Names are not refs vs some names are based on refs

ezekielf · March 2, 2024, 5:46pm

As I previously stated, I’m not talking about noname=yes situations. It is your opinion that the roads I’m talking about are nameless. I don’t agree with this. I don’t doubt that in areas you know well there are roads that locals really do consider nameless and therefore noname=yes is appropriate. However, that is not the case in my area. The main road through the village of Jericho is Vermont Route 15. The street signs through town all say “VT Route 15”.

https://maps.app.goo.gl/VQYKbCwcF8JVJhdU6

If I ask anyone who lives there the name of the road, the answer will be “Route 15”. To capture the full breadth of names this road is referred to by, it could be tagged name=Vermont Route 15, loc_name=Route 15, short_name=VT-15. I’m not going to pretend that the road doesn’t have a name just because that makes things easier for routers to give voice direction. At the same time, I’m not going to challenge your local knowledge when you say these types of roads are nameless in your area. Please afford the same respect to the mappers in my area.
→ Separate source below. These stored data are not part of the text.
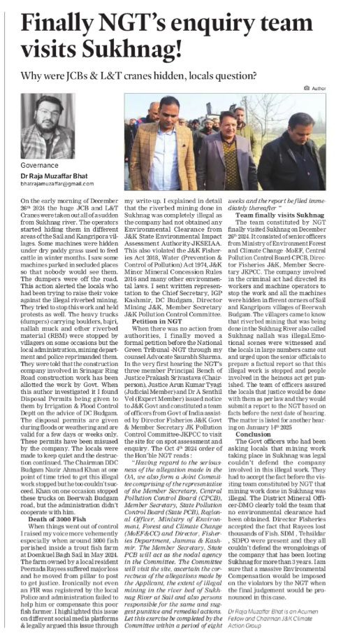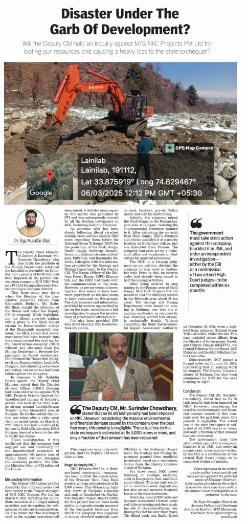 I had sought National Green Tribunal’s -NGT’s intervention in 2022 when a road construction company namely NKC Projects Pvt Ltd started looting Shali Ganga a small stream in Budgam district of Kashmir in violation of Guidelines of J&K Environmental Impact Assessment Authority-JKIA which prohibits use of heavy machinery like JCBs, L&T Poclain Cranes. The loot was immense and NGT in Sept 2022 banned the company from excavating riverbed material-RBM (Boulders, Bajri, Gravel, Sand etc).
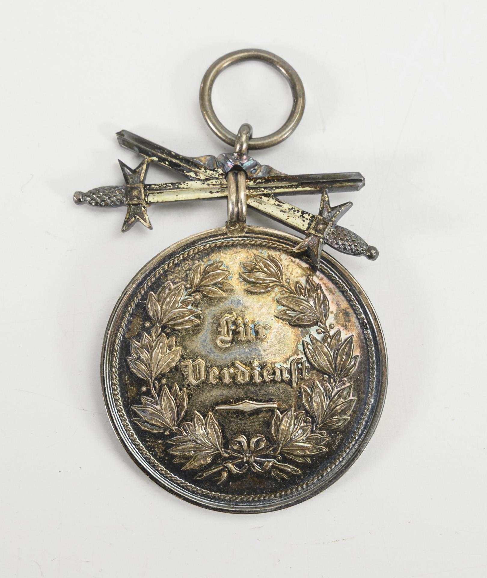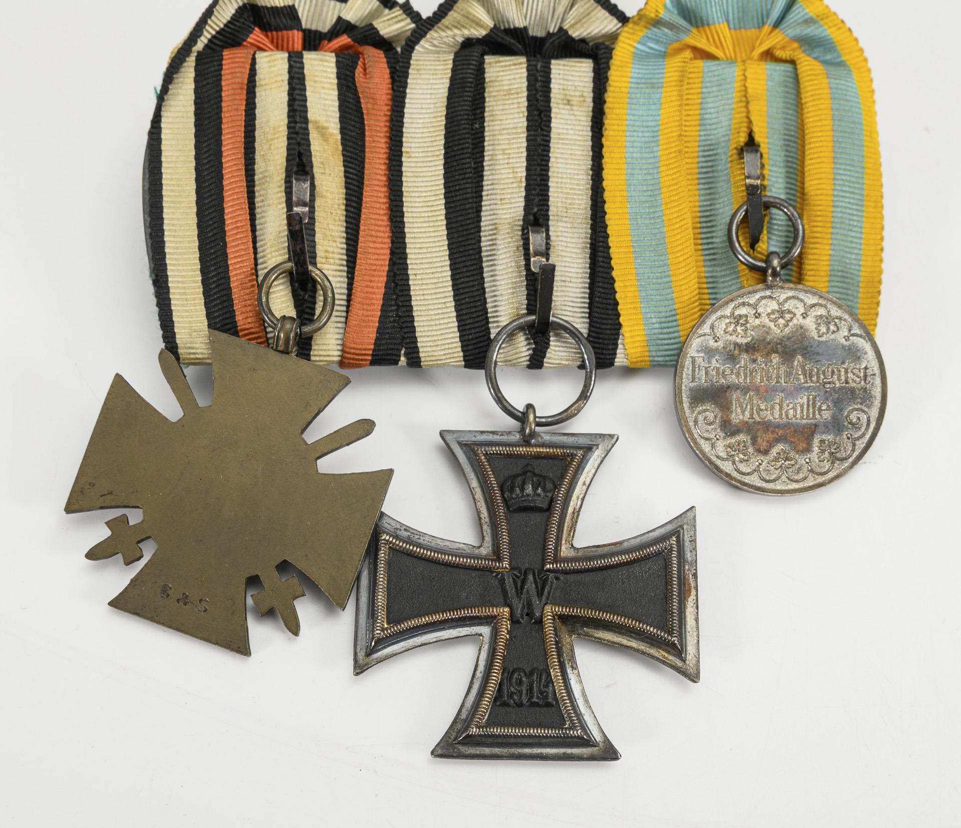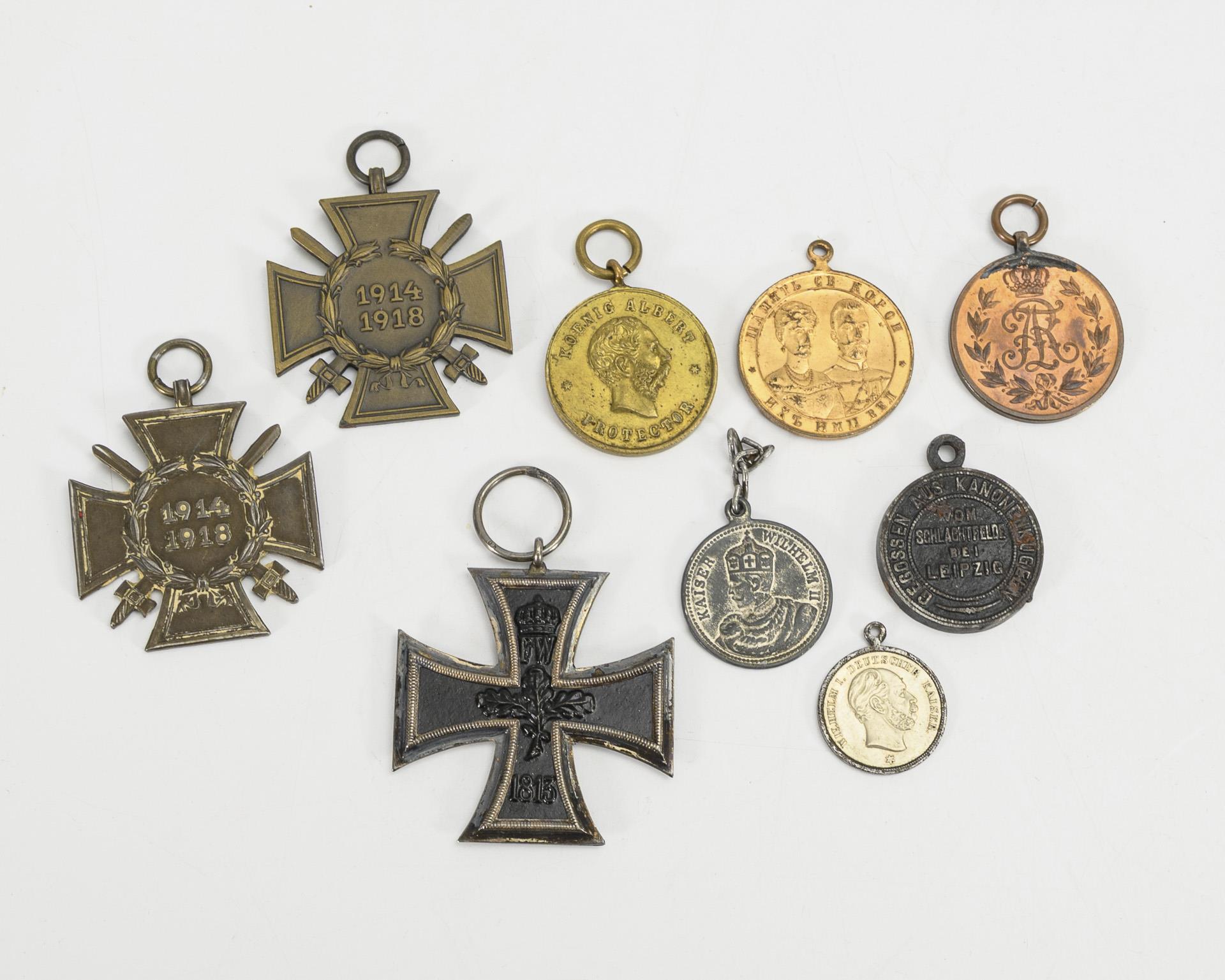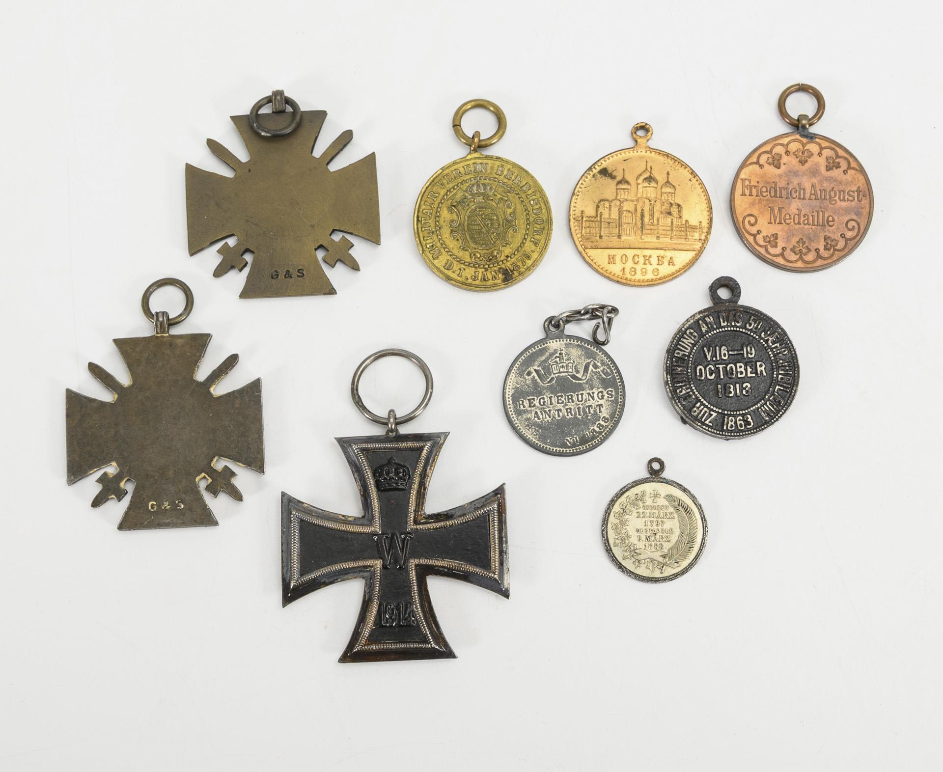 Silberne Verdienstmedaille mit Schwertern, Fürstentum Reuß, mit Band, in Originalschatulle. / Ordensspange mit Kriegsteilnehmermedaille, Eisernem Kreuz und silberner Friedrich-August-Medaille. / Friedrich-August Medaille in Bronze mit Originalkuvert. / Medaille des Militärvereins Berbisdorf, 1. Januar 1875, "König Albert Protector". / Eisernes Kreuz 1914. / 2x Kriegsteilnehmer-Medaillen. / Erinnerungsmedaille "Zur Erinnerung an das 50jährige Jubilaeum 1863", "Gegossen aus Kanonenkugeln vom Schlachtfeld bei Leipzig". / Medaille zum Regierungsantritt Kaiser Wilhelms II. 1888 / Gedenkmedaille: "Wilhelm I. Deutscher Kaiser, Geboren 22. März 1797 Gestorben 9. März 1888". / Gedenkmedaille "Moskwa 1896" mit dem Zarenpaar und kyrillischer Beschriftung. / Weitere Ordensbänder und Knopflochbänder. Nachlass eines Königlich Sächsischen Leibgrenadiers (1888 - 1960) .
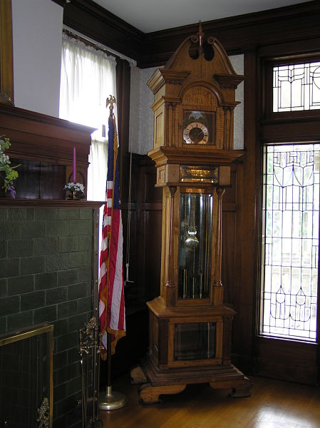 The main staircase is made of golden oak, accentuated with hand-turned spindles. The landing contains a Grandfather’s clock made of all Lawrence County hardwood. The portrait is Joseph A. Clavelli, who donated the museum to the Society.
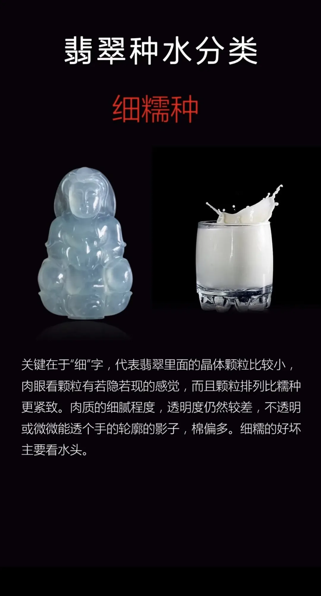晶体颗粒比豆种小,看起来就像捣成糊状的糯米饭的状态,隐约能看见晶体颗粒。不透明,有莹润、柔和、浑浊的质感,光泽偏向油性。按品质高低可分为:糯种、细糯、糯化、糯冰。
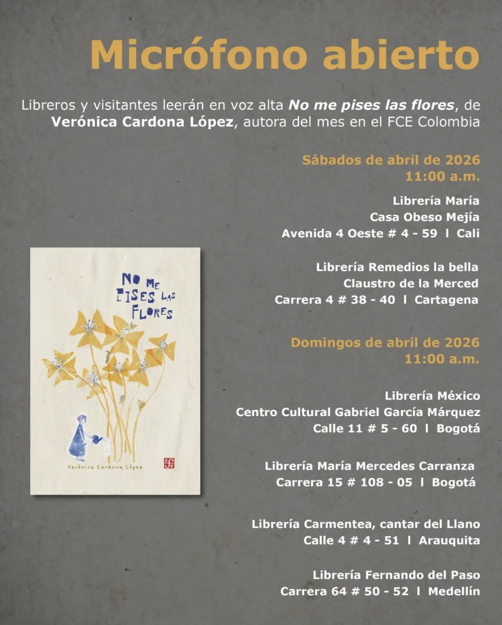 Libreros y visitantes leerán en voz alta No me pises las flores, de Verónica Cardona López, autora del mes en el FCE Colombia
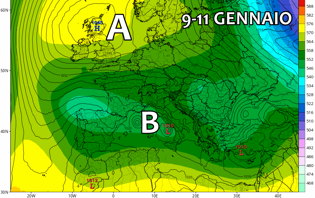 Martedì 9 gennaio: possibile neve fino a quote bassissime al nordovest (da confermare). Instabilità frequente al sud, isole maggiori e medio Tirreno.
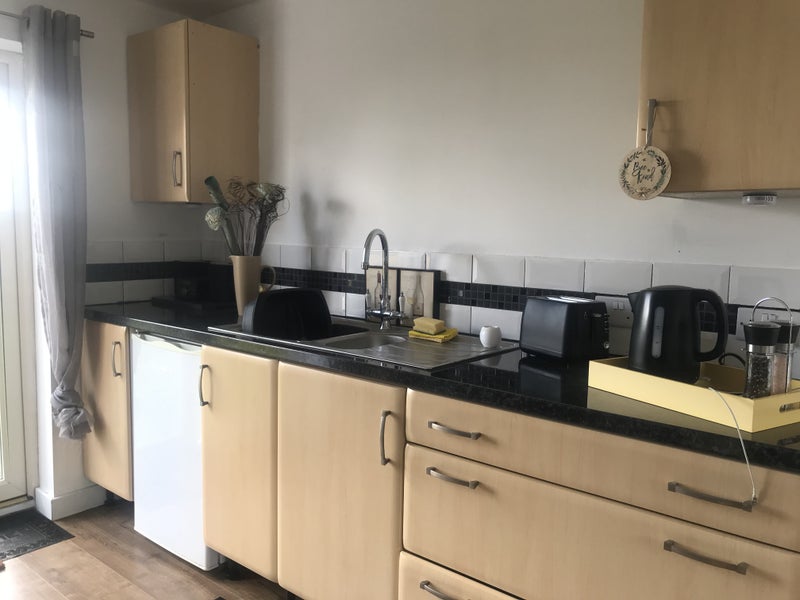 The property is a cozy annexe of the main house, offering a living area, bedroom, and kitchen space. While there is no hob for cooking, residents can utilize the provided microwave oven or bring an air fryer. Additional amenities include a toaster, kettle, TV, and Wi-Fi. The en-suite shower room adds convenience, and residents have access to the family garden. Parking for one vehicle is included. Nearby amenities such as supermarkets, takeaways, cafes, pubs, restaurants, a doctors' office, and a gym are within walking distance. The city of Norwich is a short 20-minute drive away, with a regular bus service available. The owner resides in the attached house and provides access to a washing machine.

Baloo_Uriza · March 2, 2024, 5:49pm

What’s so special about Vermont that we’re ignoring the global consensus?

ezekielf · March 2, 2024, 5:53pm

I have not seen evidence of a global consensus on this topic.

Minh_Nguyen · March 2, 2024, 6:23pm

These days, many navigation applications are capable of translating the dynamic pieces of information that go into a guidance instruction. For example, “Turn left onto Monterey Highway, State Route Eighty-Two” becomes “Doble a la derecha a Monterey Highway, Ruta Estatal Ochenta y Dos”. Spanish-speaking users appreciate it when the route number and network get translated like that. But note how the street name remains untranslated: the same users still expect the Spanish text-to-speech voice to attempt its best Spanglish for a street name, even a boring, predictable one like “North 24th Street”.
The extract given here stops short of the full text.